With the records below as your source, retype each line exactly from the top down to the line that contains "本公司設(shè)備齊全,可", and include that line.

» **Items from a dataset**
■ ■ ■ ■
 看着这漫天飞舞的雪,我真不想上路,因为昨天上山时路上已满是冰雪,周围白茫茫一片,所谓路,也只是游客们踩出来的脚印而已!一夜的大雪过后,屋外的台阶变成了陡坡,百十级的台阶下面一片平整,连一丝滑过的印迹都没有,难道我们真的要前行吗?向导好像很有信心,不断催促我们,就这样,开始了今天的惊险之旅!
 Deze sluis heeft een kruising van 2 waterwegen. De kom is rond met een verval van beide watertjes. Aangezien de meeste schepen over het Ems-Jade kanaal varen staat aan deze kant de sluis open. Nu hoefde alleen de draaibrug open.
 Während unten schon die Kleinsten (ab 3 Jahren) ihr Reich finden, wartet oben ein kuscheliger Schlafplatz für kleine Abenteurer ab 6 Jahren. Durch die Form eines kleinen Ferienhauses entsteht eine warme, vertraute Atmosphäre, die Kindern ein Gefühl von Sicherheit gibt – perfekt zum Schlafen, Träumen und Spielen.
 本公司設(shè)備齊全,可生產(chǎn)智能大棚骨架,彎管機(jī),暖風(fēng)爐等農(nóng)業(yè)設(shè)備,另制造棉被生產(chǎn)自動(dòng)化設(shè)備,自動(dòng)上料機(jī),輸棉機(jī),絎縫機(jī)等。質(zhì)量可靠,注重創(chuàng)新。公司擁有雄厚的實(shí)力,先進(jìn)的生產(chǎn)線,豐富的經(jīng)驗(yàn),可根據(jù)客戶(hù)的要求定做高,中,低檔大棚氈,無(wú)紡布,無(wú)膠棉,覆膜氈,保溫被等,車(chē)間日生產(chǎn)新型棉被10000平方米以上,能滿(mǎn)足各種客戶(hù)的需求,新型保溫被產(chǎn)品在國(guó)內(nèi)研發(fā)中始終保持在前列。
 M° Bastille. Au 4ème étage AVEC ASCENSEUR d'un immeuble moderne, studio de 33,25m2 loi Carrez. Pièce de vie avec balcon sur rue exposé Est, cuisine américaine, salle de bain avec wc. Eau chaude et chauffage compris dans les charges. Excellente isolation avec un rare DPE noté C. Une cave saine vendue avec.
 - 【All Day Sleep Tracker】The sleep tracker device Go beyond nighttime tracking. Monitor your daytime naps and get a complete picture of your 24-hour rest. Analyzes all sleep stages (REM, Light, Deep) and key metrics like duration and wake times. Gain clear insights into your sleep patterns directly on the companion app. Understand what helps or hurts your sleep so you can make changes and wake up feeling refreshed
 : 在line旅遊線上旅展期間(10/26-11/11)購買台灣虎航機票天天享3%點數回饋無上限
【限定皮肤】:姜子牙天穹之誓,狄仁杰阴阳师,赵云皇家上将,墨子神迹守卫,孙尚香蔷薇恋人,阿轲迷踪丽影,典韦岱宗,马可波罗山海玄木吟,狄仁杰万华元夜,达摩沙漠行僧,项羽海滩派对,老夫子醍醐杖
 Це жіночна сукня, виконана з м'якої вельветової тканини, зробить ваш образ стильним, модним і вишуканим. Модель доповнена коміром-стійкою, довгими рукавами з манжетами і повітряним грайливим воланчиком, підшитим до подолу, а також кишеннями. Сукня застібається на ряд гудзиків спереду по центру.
■ ■ ■ ■
» **Task result**
 看着这漫天飞舞的雪,我真不想上路,因为昨天上山时路上已满是冰雪,周围白茫茫一片,所谓路,也只是游客们踩出来的脚印而已!一夜的大雪过后,屋外的台阶变成了陡坡,百十级的台阶下面一片平整,连一丝滑过的印迹都没有,难道我们真的要前行吗?向导好像很有信心,不断催促我们,就这样,开始了今天的惊险之旅!
 Deze sluis heeft een kruising van 2 waterwegen. De kom is rond met een verval van beide watertjes. Aangezien de meeste schepen over het Ems-Jade kanaal varen staat aan deze kant de sluis open. Nu hoefde alleen de draaibrug open.
 Während unten schon die Kleinsten (ab 3 Jahren) ihr Reich finden, wartet oben ein kuscheliger Schlafplatz für kleine Abenteurer ab 6 Jahren. Durch die Form eines kleinen Ferienhauses entsteht eine warme, vertraute Atmosphäre, die Kindern ein Gefühl von Sicherheit gibt – perfekt zum Schlafen, Träumen und Spielen.
 本公司設(shè)備齊全,可生產(chǎn)智能大棚骨架,彎管機(jī),暖風(fēng)爐等農(nóng)業(yè)設(shè)備,另制造棉被生產(chǎn)自動(dòng)化設(shè)備,自動(dòng)上料機(jī),輸棉機(jī),絎縫機(jī)等。質(zhì)量可靠,注重創(chuàng)新。公司擁有雄厚的實(shí)力,先進(jìn)的生產(chǎn)線,豐富的經(jīng)驗(yàn),可根據(jù)客戶(hù)的要求定做高,中,低檔大棚氈,無(wú)紡布,無(wú)膠棉,覆膜氈,保溫被等,車(chē)間日生產(chǎn)新型棉被10000平方米以上,能滿(mǎn)足各種客戶(hù)的需求,新型保溫被產(chǎn)品在國(guó)內(nèi)研發(fā)中始終保持在前列。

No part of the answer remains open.